■ Task prompt: For the records that follow, please set down exactly the lines between the one holding "Ewropa de hêrişê" and the one holding "Китайский флаг в", inclusive, and only those.

Start of The input

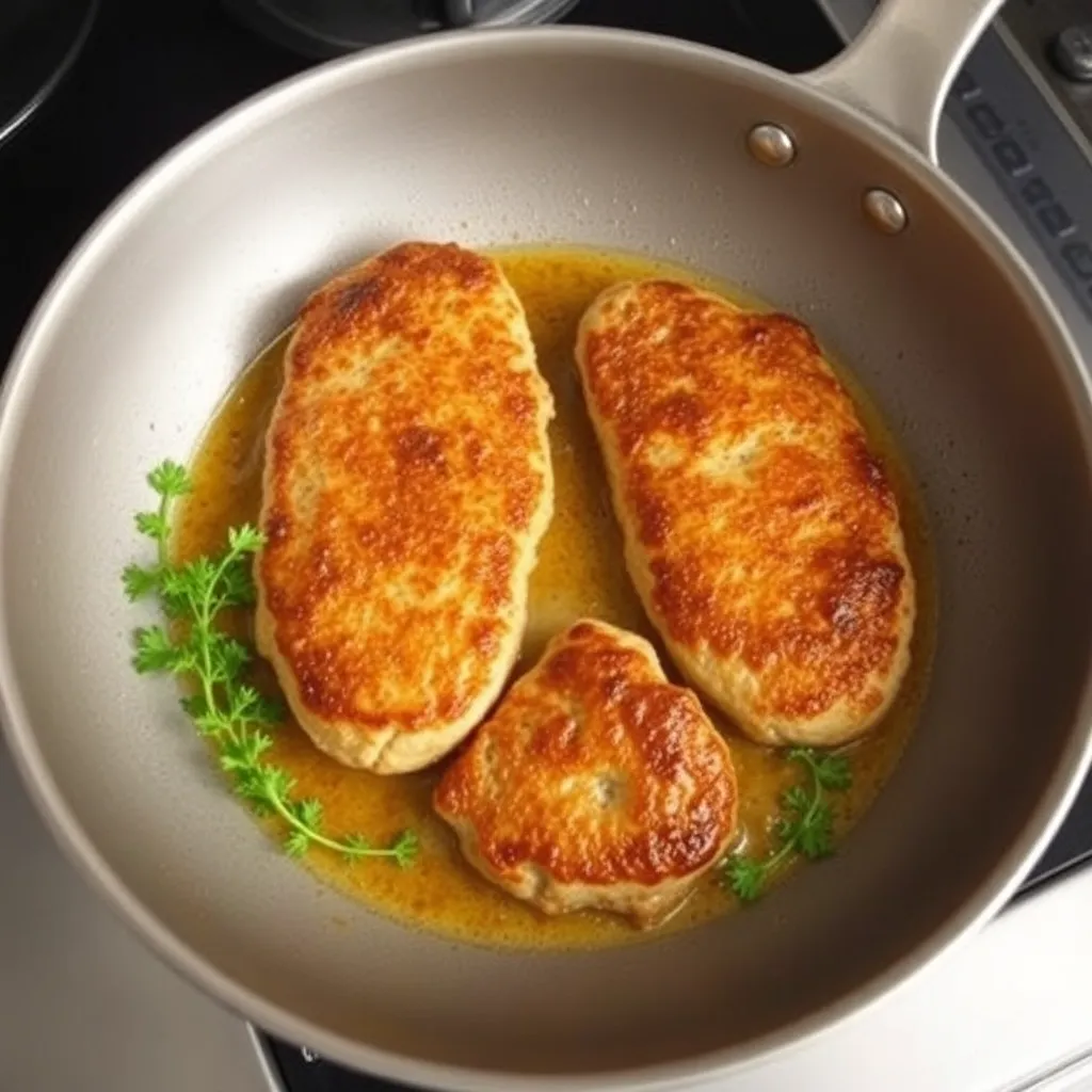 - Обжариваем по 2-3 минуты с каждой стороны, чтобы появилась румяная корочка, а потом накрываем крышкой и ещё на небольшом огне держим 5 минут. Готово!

End of The input
Start of The input

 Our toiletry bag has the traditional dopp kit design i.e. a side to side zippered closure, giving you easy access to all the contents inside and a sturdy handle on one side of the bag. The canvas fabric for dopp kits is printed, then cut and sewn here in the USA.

End of The input
Start of The input

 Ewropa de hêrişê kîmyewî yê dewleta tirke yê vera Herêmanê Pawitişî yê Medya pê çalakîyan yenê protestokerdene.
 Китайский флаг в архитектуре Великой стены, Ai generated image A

End of The input

■ Answer for the task:
 Ewropa de hêrişê kîmyewî yê dewleta tirke yê vera Herêmanê Pawitişî yê Medya pê çalakîyan yenê protestokerdene.
 Китайский флаг в архитектуре Великой стены, Ai generated image A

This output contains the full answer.